3A) Let’s go a little deeper on Martin: He said earlier this week “there’s a process. Sometimes you get lucky and skip some steps and you pay for it down the road.” This wasn't some random general statement. He was referencing his first team IMO. Missouri pushed all the chips to the middle. It was the right move. Then they got a five-star generational talent who played all of two minutes for them (and came back and kind of played about 70 more but didn’t improve the team and I would argue actually made it worse).
Let’s compare that to a guy who is the toast of the coaching community these days. Said coach is also in his fourth year:
Said coach took over a team that had won 20 games and lost in the first round of the NCAA Tournament as a ten seed. Over his first three seasons, said coach went 51-49, including 20-34 in conference play. He had one losing season and zero NCAA Tournament appearances. He then hired an assistant coach whose brother was the No. 1 player in the country and landed that player.
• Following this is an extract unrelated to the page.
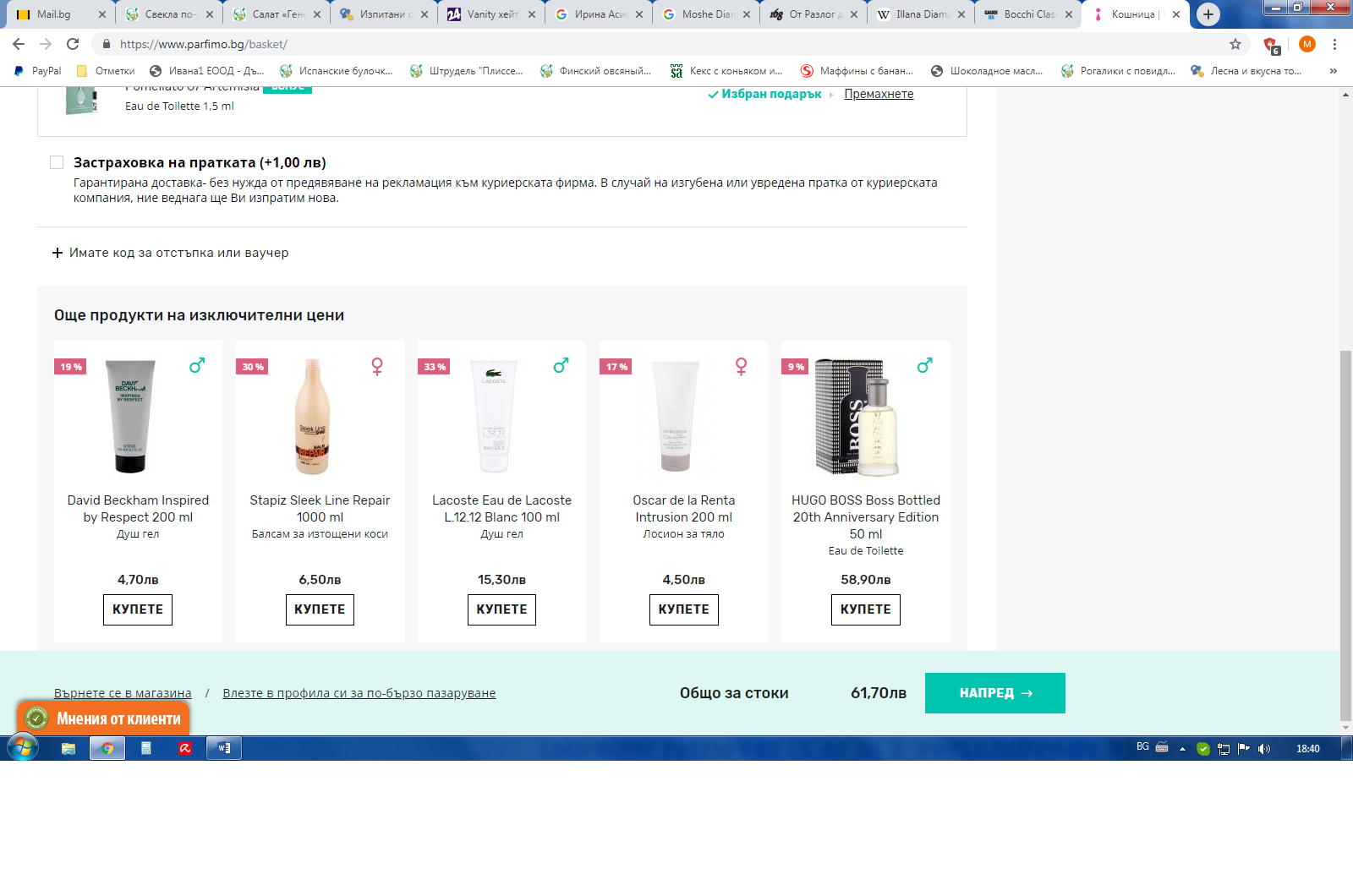 Под ЗАСТРАХОВКА НА ПРАТКАТА има с +Имате код за отстъпка или ваучер, кликваш на него, излиза прозорче и пишеш кода.

He is 21-9 and played for (but didn’t get) a spot in the Sweet 16 yesterday.
That coach, obviously, is Mike Boynton and the player is Cade Cunningham. My point is, his generational talent stayed healthy and played. Cuonzo’s didn’t. It was awful luck and it set the rebuild back at least a year, maybe two (almost definitely two once Jontay got hurt too).
But this isn’t new ground. The point is, Boynton took over a program in much better shape. He had a decent year in year one (21-15 no tourney) followed by a losing season, a slightly above .500 season and a breakthrough season with a generational talent who will be gone next year. I don’t know if he’s better or worse than Cuonzo. I know what people think as of today (or at least as of yesterday morning) but I think we’ll find out over the next three or four years.
3B) Here’s my Cliff’s Notes version of how Missouri basketball got where it is:
Mike Alden and Mike Anderson got their wires crossed and Anderson left for Arkansas. The Matt Painter deal fell apart and Missouri panicked and hired Frank Haith. Haith, who actually looks better in hindsight than he did to anyone when he was here, won quite a few games, but didn’t get along with his bosses and looked to be doing it with some smoke and mirrors (and apparently a few illegalities). He dealt the program some body blows. Kim Anderson came in, saw a wounded victim and murdered it. After it was dead, he shot it a few more times to make sure it was REALLY dead. Cuonzo took over the corpse. He has it breathing again. Even has gotten it to walk a little bit. It’s a little wobbly. Nobody is sure if he can get it to run or if it’s going to fall down again. Maybe he’s just a guy who brought it back to life and can keep it on its feet but it’s going to take the next guy to get it to be fully functional and to be able to outrun most of its peers again. In other words, he was clearly the right guy (or one of the right guys) to bring it back to life. The next step is getting it back to full health. The jury is out on whether he's the right guy to do that.